Re:Not any time soon (Score:2)
It is why e-mail encryption is still so clunky.
If you omit the word "encryption", your example becomes 100x times more true as it is now already.
Re:Not any time soon (Score:2)
The Internet rarely sees radical, clean change and IPv4 is going to limp on for a long, long time.
This. Oh for some mod points, I'd have sent one this way. FWIW, I think we'll see concerted efforts to reclaim unused addresses or blocks. It'll take some serious hurt to governmental and corporate wallets before any meaningful change happens.
Re:Not any time soon (Score:2)
This is why we still have HTTP with cookies, HTML, JavaScript and Flash rather than a new protocol.
Flash can be safely ignored, because it's going away.
That leaves HTTP, HTML, and Javascript.
A new protocol that did all the stuff as a transport protocol, markup language, and scripting language would be a bloated mess. There's a reason that the functionality is separated this way. People often use each of these technologies separately.
Re:Not any time soon (Score:2)
Agreed, and what I voted as well. While a lot of newer hardware and OS's support it, and have the IPv6 stack ready, I think a major hurdle is going to be all the existing applications, whether older commercial apps and custom business apps, everywhere very rarely support IPv6. If DNS is used, then maybe no change there is needed, but any app that needs to point to a server or another PC on the network usually has an option for hardcoded IP's, and none of these apps have I ever seen use IPv6, and all have the normal IPv4 address space.
The other major hurdle is going to be some of the lesser hardware gear that no-one really thinks about, this includes existing building monitoring/automation system, safety/fire systems, entry/security systems, and anything else that runs on embedded hardware and PLC systems. Many of these types of systems sit on the network, and most are IPv4 only. These types of systems are rarely (if ever) upgraded and are deployed and last in field for very long periods of time...sometimes the life of a building, or at least decades.
Because of these drawbacks, I think at the very closest we will see a hybrid net (which would be close to a new internet), where most or all LAN's remain IPv4 internally, and get NAT'd like they currently public IPv6 addresses. So similar to our topology now, where say everything in my house stays IPv4 within my house LAN, but my Router's public WAN address is IPv6 to my ISP. This would give ISP's and businesses more IP's to mess with, but not require hardware and software within a LAN environment to worry about IPv6. Somehow I doubt that we'd even see this scenario any time real soon.
Re:IPv6 already massively deployed (Score:2)
IPv6 is already massively deployed in the United States.
Example: all major hosting providers support IPv6.

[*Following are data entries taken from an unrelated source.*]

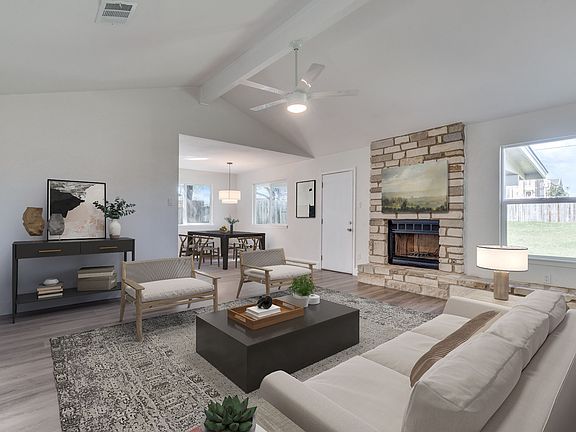 Discover the charm of this reimagined bungalow nestled in desirable Pflugerville. Boasting 3 cozy bedrooms and 2 full bathrooms, this home has so much to offer. The floor-plan is perfect for entertaining and features a spacious living room, stone fireplace and lovely dining space leading to the kitchen. New SS appliances, design savvy fixtures and lots of natural light enhance this gorgeous kitchen. The generous primary suite has a en suite bathroom with walk in shower and updated tile. Secondary bedrooms share an additional full bath and make great flex rooms/ office if needed. Enjoy serene Austin evenings on the charming back porch. Don't miss the opportunity to make this enchanting residence your own!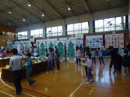 作品展 児童鑑賞日 公開日 2014/11/14 更新日 2014/11/14 今日の出来事 本日より作品展が始まりました。会場の体育館の入口には、とちのみ学級制作の看板が出迎えてくれます。今日は、みんな友だち班2〜3名のグループで互いの作品について紹介や質問を交えながら鑑賞し合いました。 校長より 行事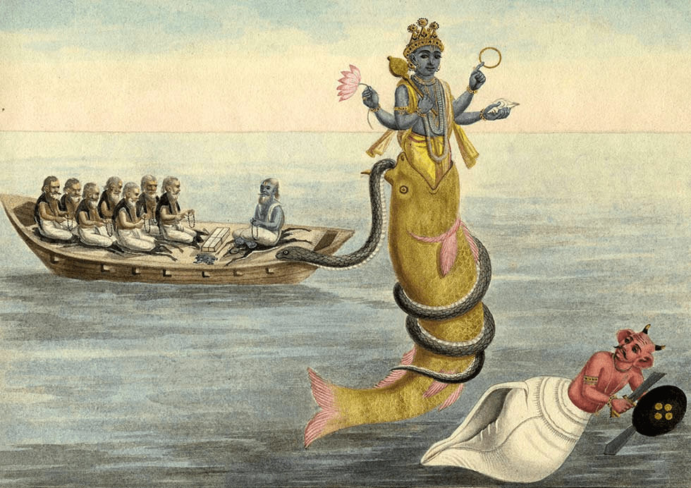In the Bible’s counterpart-allegory of Noah’s Ark, it is YHVH who speaks to Noah, affirming my interpretation of what both the fish in this verse and Matsya represent. In the Hindu story Manu eventually realizes that Matsya is Vishnu, so YHVH, the Name of God in Israel, is probably the Holy Spirit “in two streams.” In this case, YH (the spark of the Holy Spirit) and VH (the yoke of the Holy Spirit).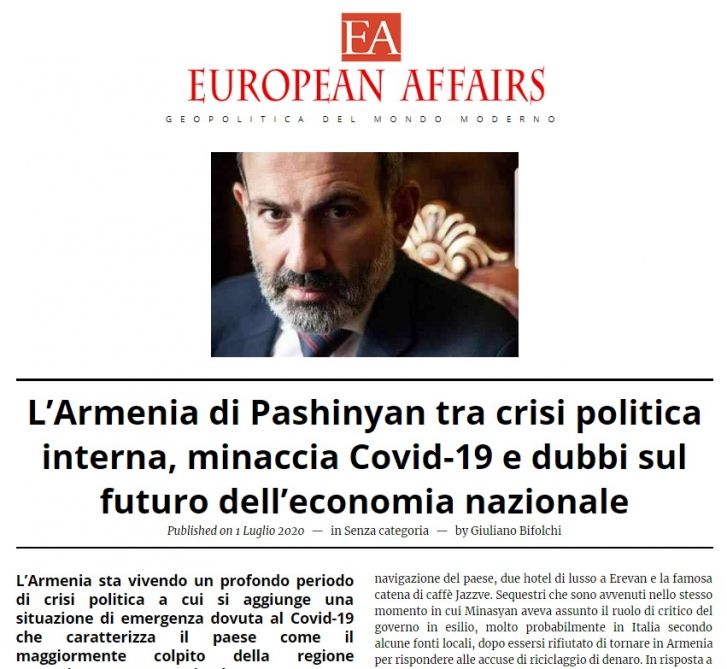 İtaliyanın “European Affairs” onlayn jurnalında italyan jurnalist Culiano Bifolkinin “Paşinyanın rəhbərlik etdiyi Ermənistan daxili siyasi böhran, COVID-19 təhdidi və milli iqtisadiyyatın gələcəyinə şübhələr arasında” adlı məqaləsi dərc olunub.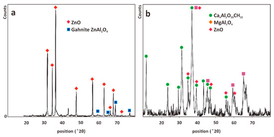 EAF dust characterization using XRD showed the mineral phase composition was dominated by zinc oxide (ZnO). XRD of the dust residue obtained after leaching (leaching condition pH 9, MSG concentration 1 M, pulp density 50 g/L and 12-hour homogenization) revealed the phases were dominated by spinel (Mg-Al oxide), calcium aluminum oxide and zinc oxide phases (Figure 2). These elements such as Al, Mg, Ca and Fe were found to be relatively retained in the solid phase during the leaching process. The XRD characterization results are supported by AMICS analysis results (Supplementary file: Tables S1 and S2 and Figure S2), which revealed the major Zn phase to be ZnO and gahnite (ZnAl2O4) in original material.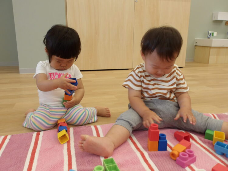 ブロックを一生懸命つなげています。上手につなげられるかな?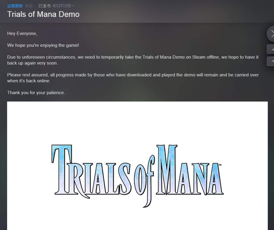 【SE暂时下架Steam《圣剑传说3 重制版》体验DEMO】《圣剑传说3 重制版》Steam页面发布公告表示将暂时下架体验版DEMO,DEMO将在调整完成后再重新上架。虽然公告中并未提及暂时下架体验版DEMO的具体原因,但从公告下方的玩家评论来看,原因或许是因为之前的有玩家通过绕过DEMO的漏洞直接游玩到正式版的内容。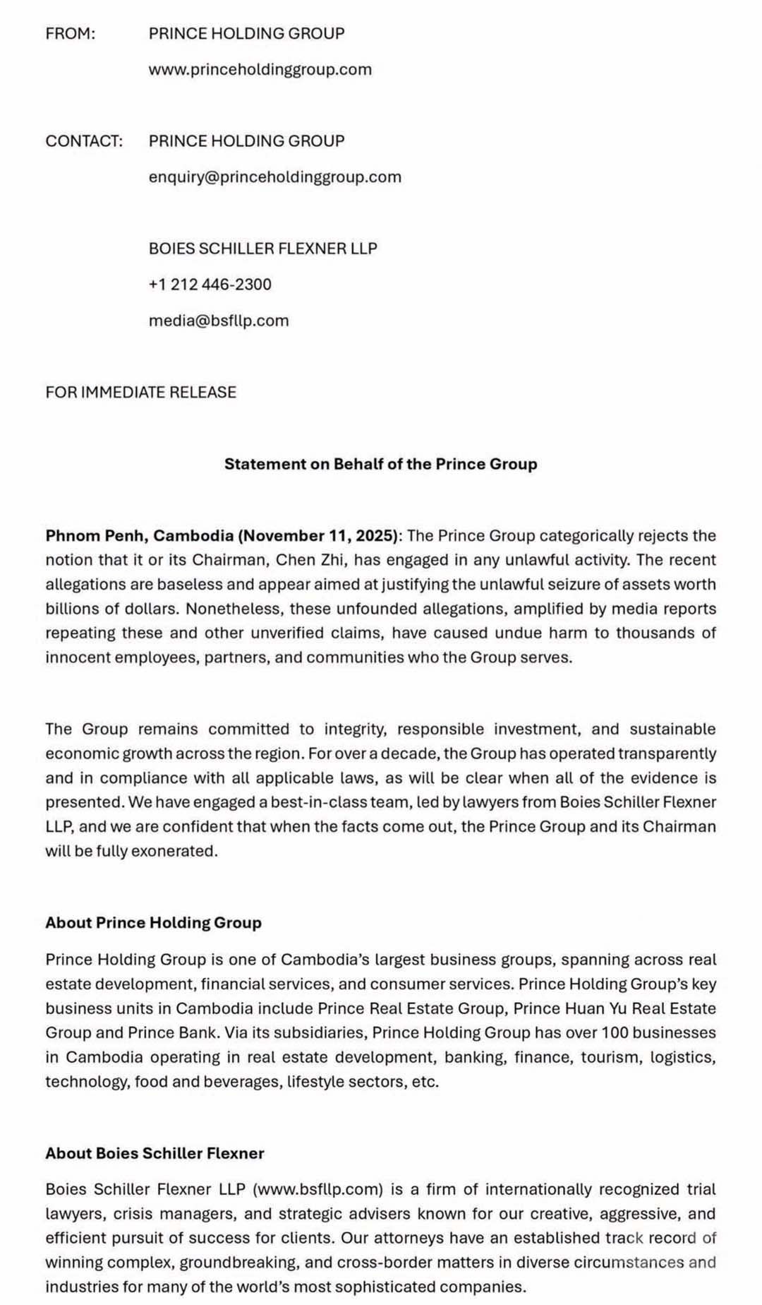 太子集團官網仍正常運作,聲明以中英文發布,指控美國司法部的起訴「毫無根據」,稱公司多年以來「合法經營、誠信發展」,並指資產遭「非法扣押」,相關報導對旗下上萬名員工與合作夥伴造成嚴重影響。集團聲稱,將以法律途徑證明清白,維護公司與董事長名譽。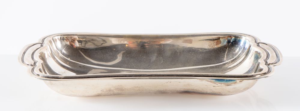 Italia, dal 1968. Vassoio in argento 800. Sulla base reca punzoni: 800 e losanga locativa non identificata. Cm 3,5x29x15. Peso: 422 gr.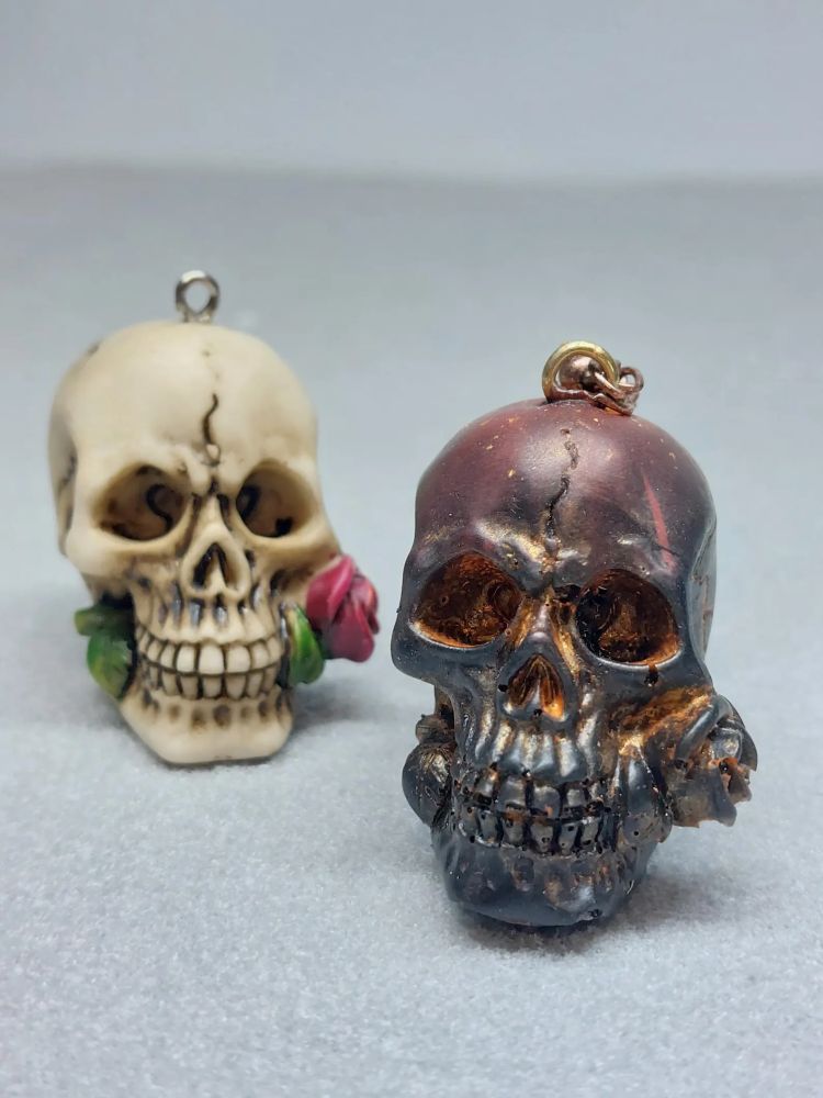 Skull with Rose Keyrings - festive alternative, macabre, Halloween Dia de los muertos, Day Dead - Keyring keychain - made wh resin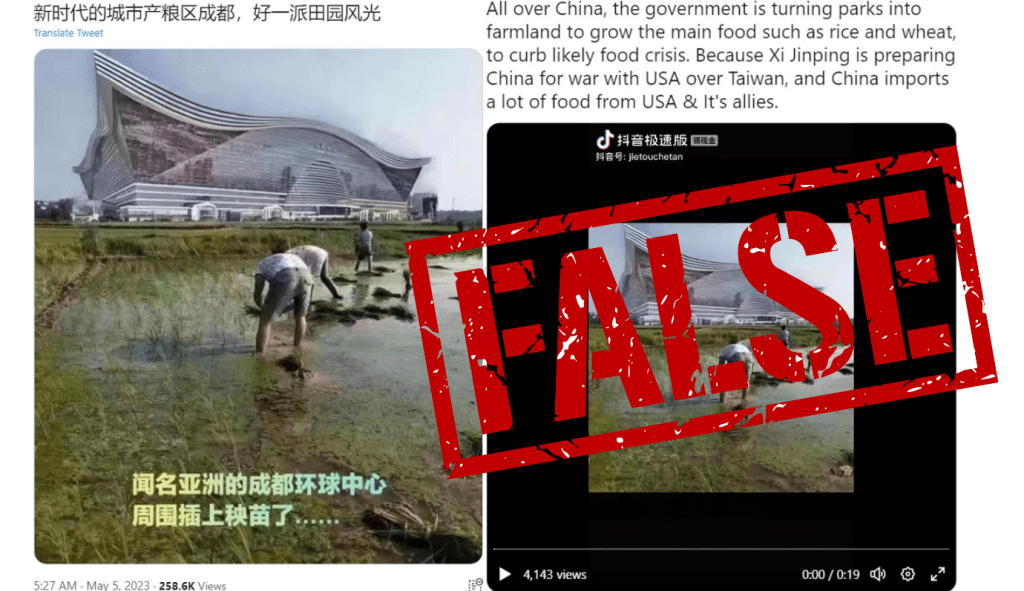 Another tweet with the same photo claimed that the Chinese government is converting parks into farmland to grow food throughout China to curb a potential food crisis “because Xi Jinping is preparing China for war with the USA over Taiwan.”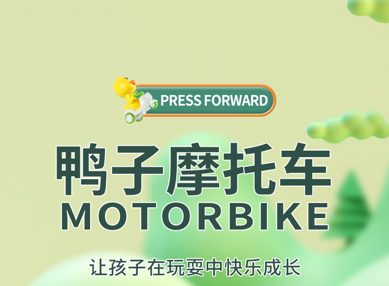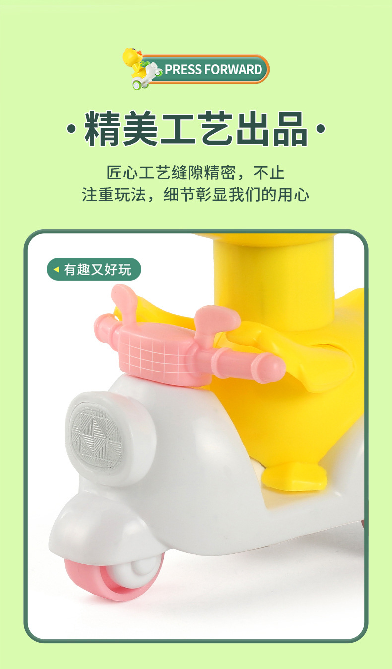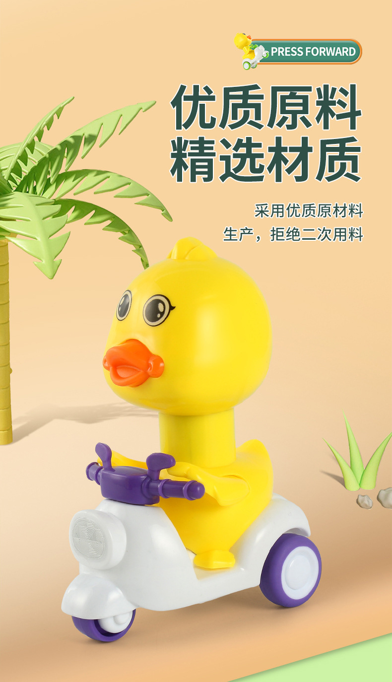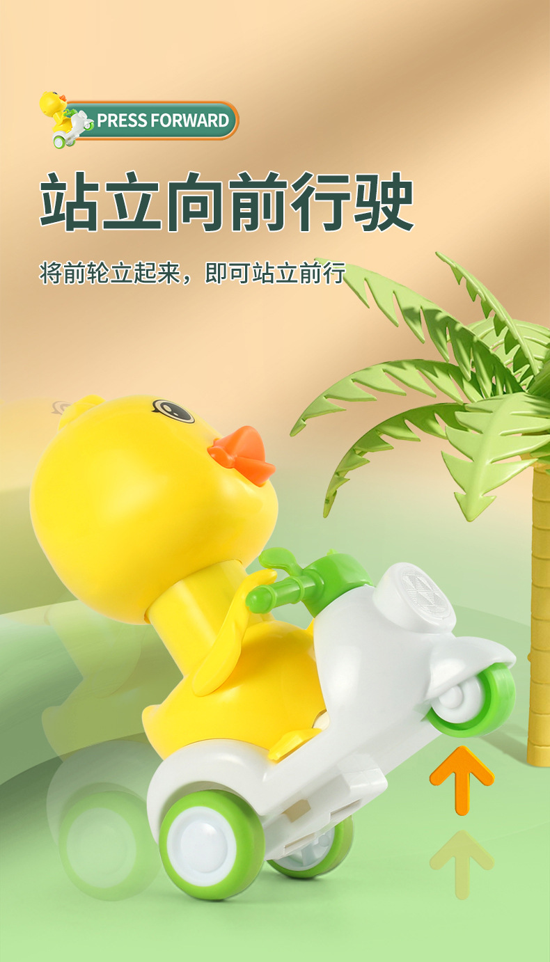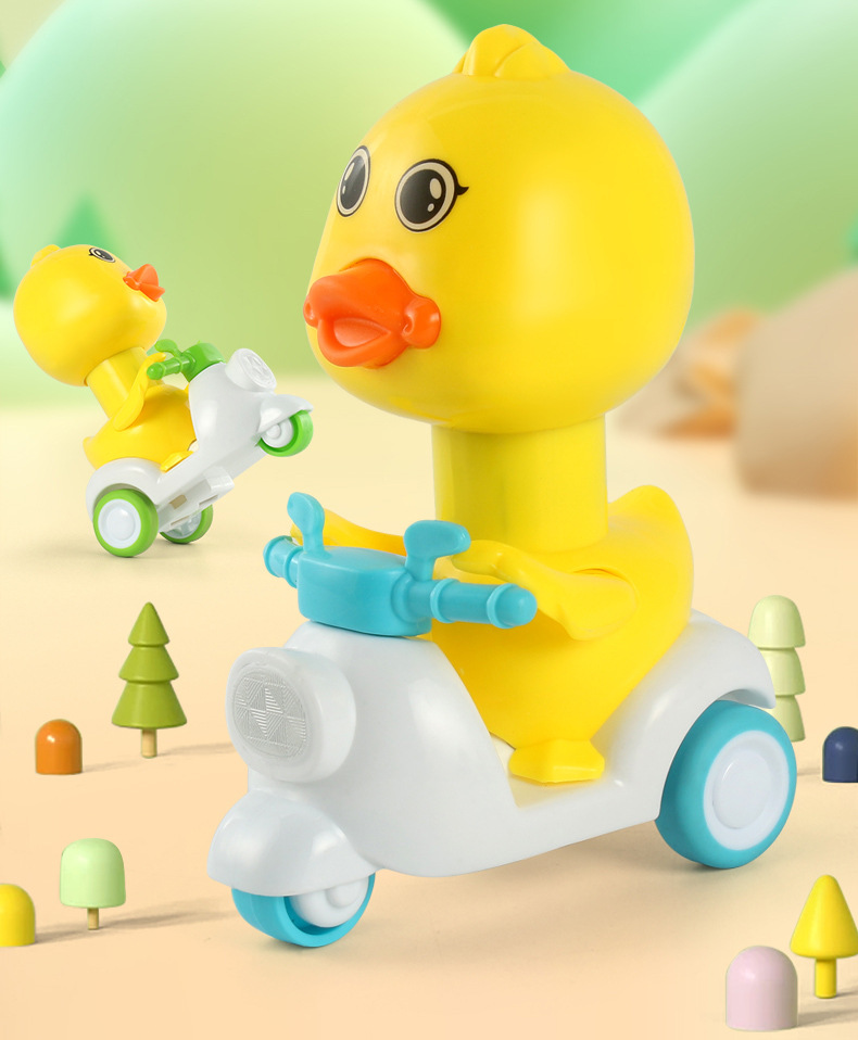 틱톡 인기 상품, 누르면 움직이는 오리 모양 어린이 관성 리턴 스쿠터, 아기 만화 교육용 도매 노점 장난감스토어 가기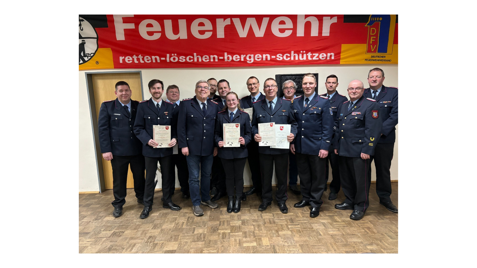 Alexander Fortuna und Sören Grietsch wurden zum Feuerwehrmann befördert, Madeleine Roggensack zur Feuerwehrfrau. Darius Massek, Philip Nicks sowie Detlef Szalies wurden Oberfeuerwehrmänner.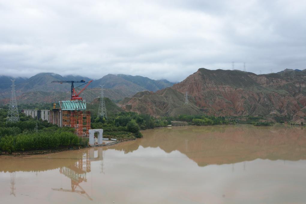 這是9月5日拍攝的尖扎黃河特大橋施工現(xiàn)場(chǎng)。新華社記者 王浡 攝

Thank you for this informative post. I was under the impression that at least the Linux network stack and, most probably, the Win 7-8 network stack are fully IPv6 compatible. I know my router is IPv6 compatible and I had used IPv6 briefly in the past (via tunneling) out of curiosity. So, why is everyone so pessimistic? How hard can it be to just enable IPv6 if everything is ready at the user side?
IPv6 already massively deployed (Score:2)
I think the problem comes in that not every web server in the world supports ipv6. Heck, when I was setting up a personal web server, I was sort of tempted to disable ipv6 because fail2ban doesn't support it and so it represents a bit of a security hole in that a cracker can bypass the security by simply using ipv6. (But I decided to do The Right Thing for the Internet and left it on, even though no-one relies on it right now)
I'd be curious to see the results from someone who has ipv6 but NOT ipv4 in day to day browsing, as that's the scenario we're ultimately looking at when v4 addresses dry up - not people who are running both, like now, but people who are exclusively running v6. Would they then only half half an internet with loads of blackspots due to sites that haven't adopted v6 yet.